Monday, 12 October 2009

Spies on celluloid

I missed this article in The Independent from a couple of weeks ago which is a rather fun review of the British spy film, and why the genre has lasted so long. The post followed the recent season of British spy films at the Cambridge Film Festival, which unfortunately I missed (did anyone visiting this blog go? What was it like?).

One interesting Deighton reference: 'Thomas Hennessey, co-author of Spooks: the Unofficial History of MI5, likewise names The Ipcress File as a spy film with at least a hint of credibility about it. "It's low-key. It's slow," he says approvingly of the movie adaptation of Len Deighton's novel that is as famous for its scenes of Harry Palmer (Michael Caine) cooking omelettes as for its action sequences.'

More broadly, reading this article reminded me there is something quintessentially English about the best spy films that set them apart from the Hollywood Bourne-a-likes. This I think reflects the fact that most of the 'characters' in the history of British spying were, until recently at least, proper 'Characters' in the best sense of the word. While we are nowadays told by our lords and masters to decry the role and influence of 'Oxbridge' in the espionage world - heck, the world generally - (though, as a Trinity Hall post-grad, I must humbly disagree) - I think the British upper middle classes really did provide some of the best back stories and characterisations for espionage film makers to draw upon.

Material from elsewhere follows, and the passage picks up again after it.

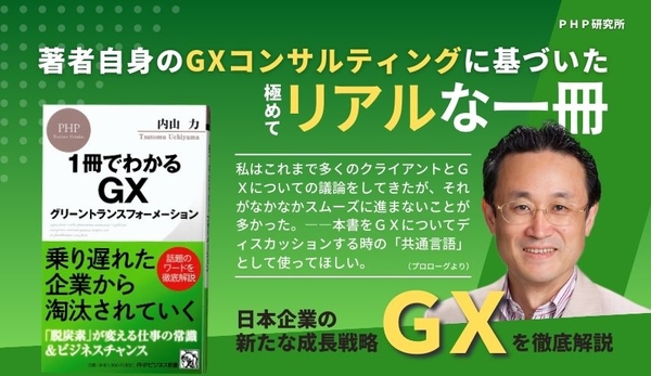 株式会社PHP研究所(京都市南区・代表取締役社長 瀬津要)は、2023 年6月17日にPHPビジネス新書『1冊でわかるGX グリーントランスフォーメーション』(内山 力 著/税込 1,155円)https://www.php.co.jp/books/detail.php?isbn=978-4-569-85466-3を発売しました。岸田政権が経済政策の中心と位置づけ、製造業からサービス業まであらゆる分野で注目されている「GX」について、早くから各企業でコンサルタントとして指導を行なっている著者が、わかりやすくコンパクトに解説します。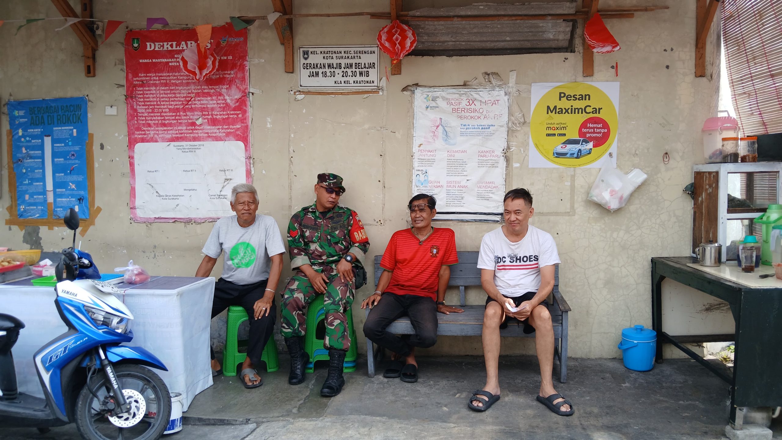 SURAKARTA – Liputan Warta Jatim, Babinsa Kratonan Koramil 03/Serengan Kodim 0735/Surakarta Koptu Resbiyanto Pukul 08.30 wib melaksanakan Kegiatan Komunikasi Sosial dengan Bapak Budi Raharjo selalu etua Rt. 2/3 dan Bapak Aryo Ketua Rt. 4/3 di Liya Snack Jl. Manduro No. 26 Kratonan Serengan Kota Surakarta. (19/10/2025)

But one gap instance springs to mind; one chap whose exploits, as far as I know, hasn't influenced the silver screen of spy moviedom, when they're tailor-made for same. The stories of Merlin Minshall, former MI-6 operative under Ian Fleming (whose biography Guilt-Edged is an absolute cracker) cry out to be made into a film. He is one of those classic English 'gents' whose exploits, disdain for authority and tendency to look down upon 'johnny foreigner' while romancing said johnny foreigner's women on foreign missions, and whole-hearted 'derring do' approach. It's no surprise that he is regarded by some observers as one of the influences on the James Bond characterisations.

Minshall was the first man to sail a barge across Europe by river before the war; during his trip, he 'fell in' with a Nazi spy ring and narrowly avoiding being killed by a German assassin with whom he'd courteously been making love in the weeks previously; he then single handedly tried to destroy a key Nazi shipping route on the convoy in what can only be described as a 'foolhardy' operation. Subsequent he was the first British agent sent into occupied France by submarine and later in the water 'discovered' a secret German army in the middle of the Congo! Having become the first man to motor-cycle across the Sahara! With real-life characters like Minshall to draw on from the war period onwards, it's no surprise British fiction writers and film-makers carved out their own niche.